Next, the bonding method of the substrate for a planar plate will be described in the order of steps.

First, as shown in Figure 4(a), on the opposite surfaces of the upper fixed plate 1 and the lower fixed plate 2, the upper substrate A and the lower substrate coated with adhesive C and filled with liquid crystals are pre-aligned and placed respectively. B, the two substrates A and B are sucked and held by the suction and adsorption mechanisms 3a, 3a and the electrostatic adsorption mechanisms 3b, 3b so that they cannot move.

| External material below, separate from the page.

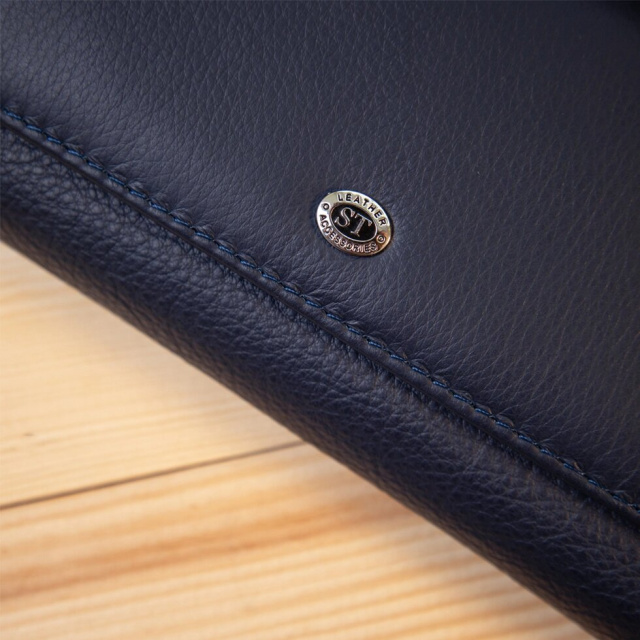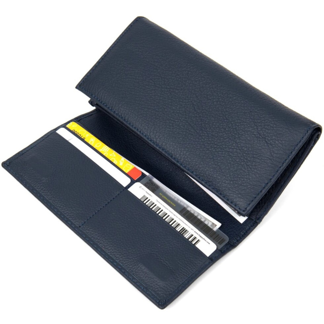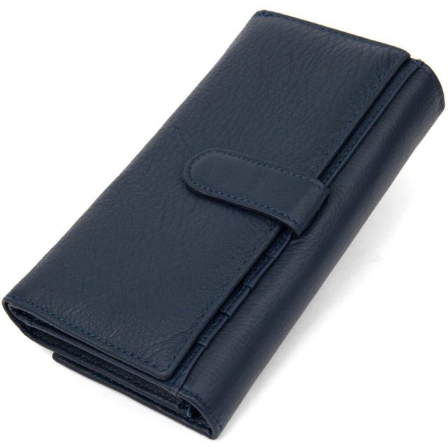 Відмінний жіночий гаманець з натуральної шкіри в спокійному темно-синьому кольорі. Має приємну на дотик фактуру і матове покриття. Має окреме відділення на кнопці спеціально для різних карт, його наповнення можна регулювати. Дана модель обов'язково припаде до смаку навіть найвибагливішим господаркам.
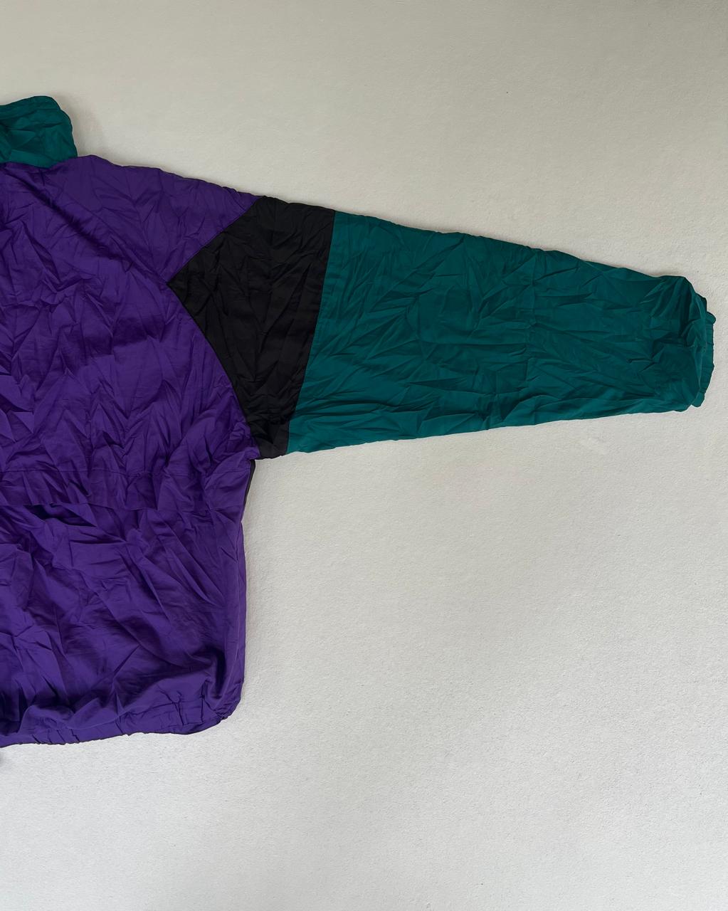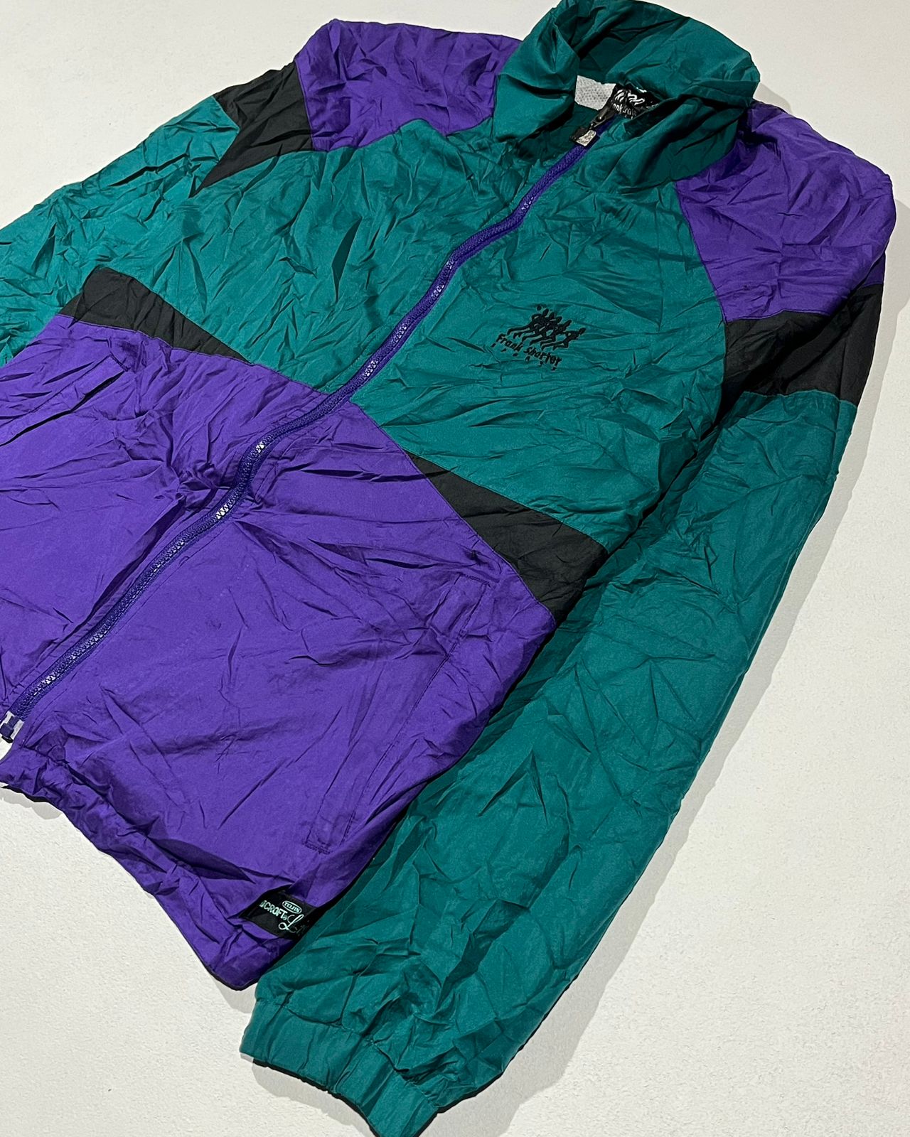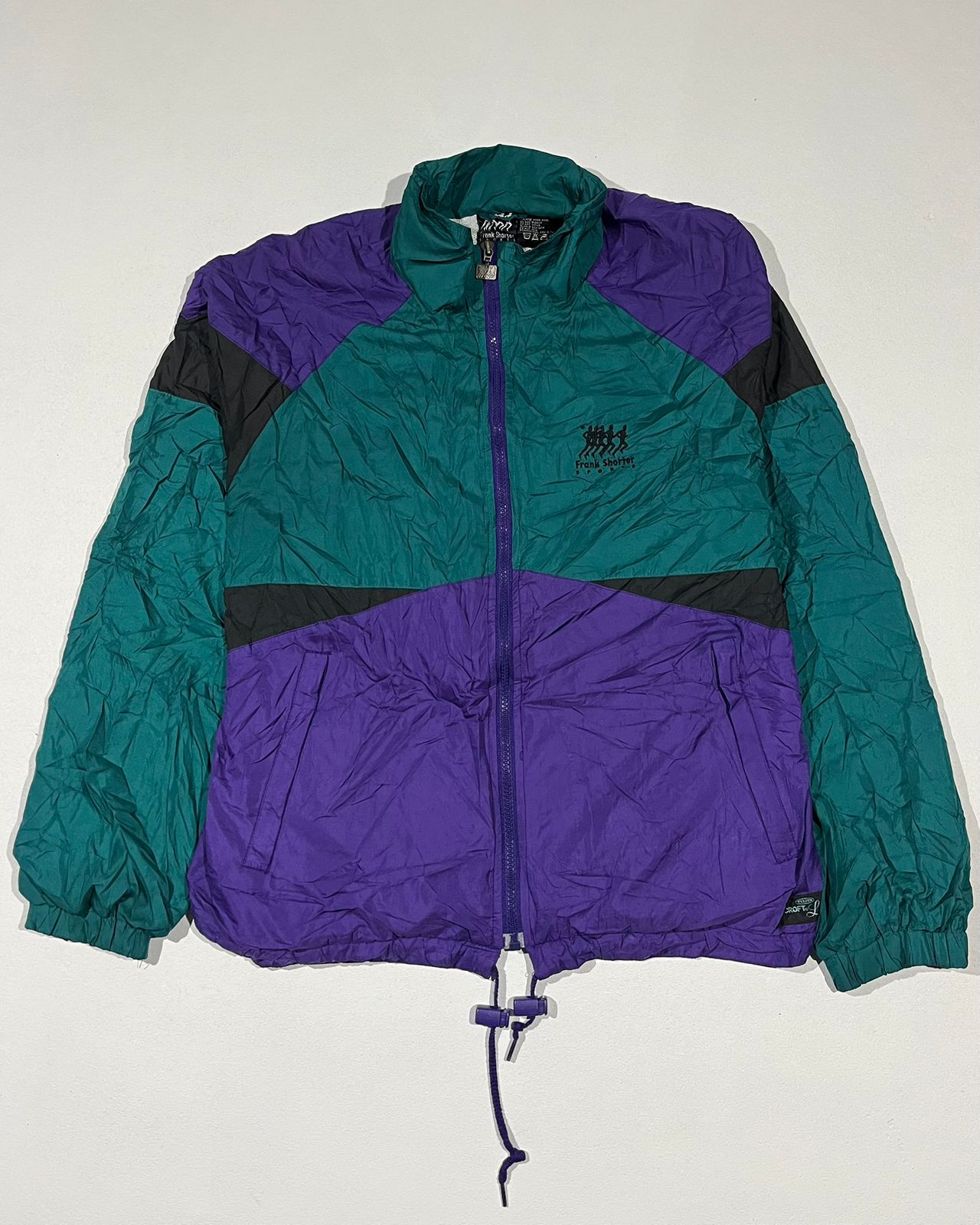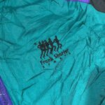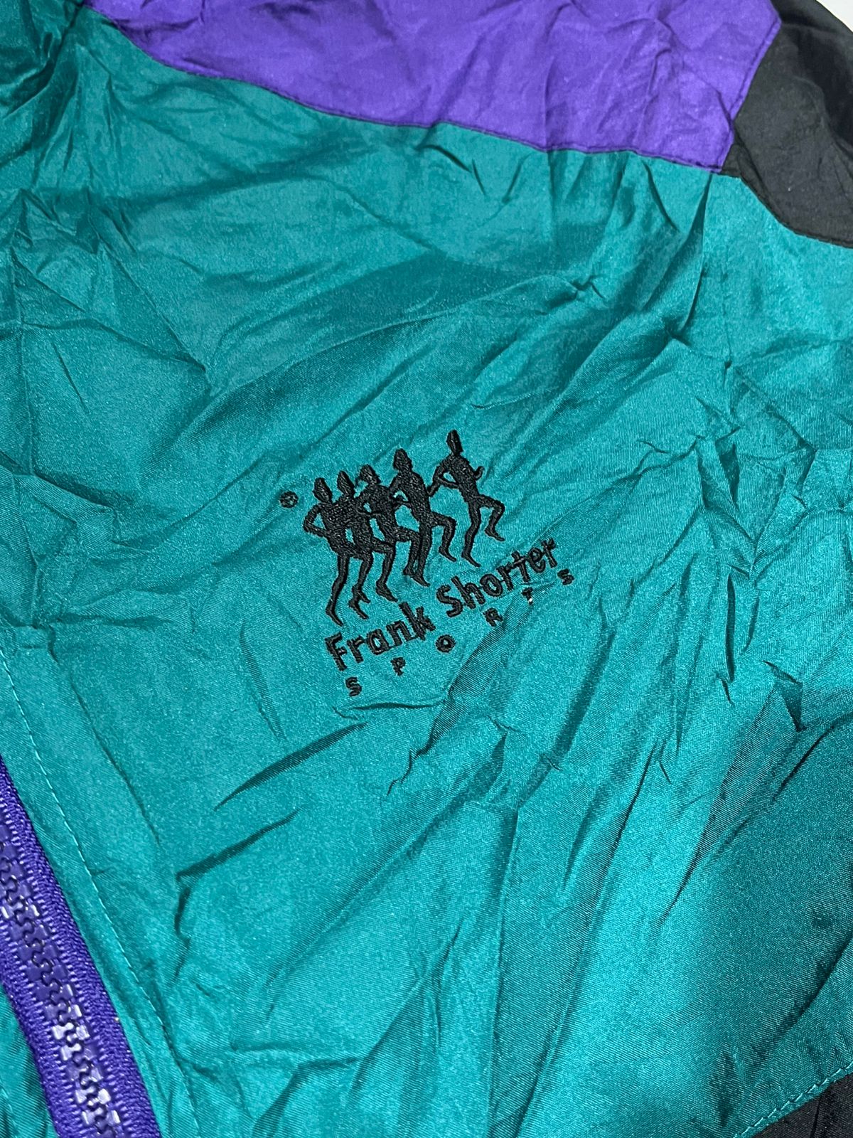 Original Frank Shorter Sports vintage windbreaker jacket featuring a bold 90s color-block design in teal, purple, and black. Lightweight nylon fabric with breathable mesh lining makes it perfect for casual wear, streetwear styling, or vintage collectors. Full zip closure with adjustable drawstring hem.

Afterwards, as shown in Figure 4(b), the upper fixed plate 1 and the lower fixed plate 2 are approached by the action of the lifting mechanism 6, so that the engaging portion 4d protruding from the upper fixed plate 1 peripheral portion 1a is closely engaged with the The ring-shaped sealing member 4b on the moving block 4a divides the upper fixed plate 1 and the lower fixed plate 2 to form a closed space S surrounding the two base plates A, B.

At the same time, the two substrates A and B are positioned close to a predetermined distance by the approaching movement of the upper support plate 1 and the lower support plate 2, and face each other with a gap of about 1 mm in this state.

However, the ring-shaped adhesive C coated on the substrate B does not contact the other substrate A, so the space S between the two substrates A and B communicates.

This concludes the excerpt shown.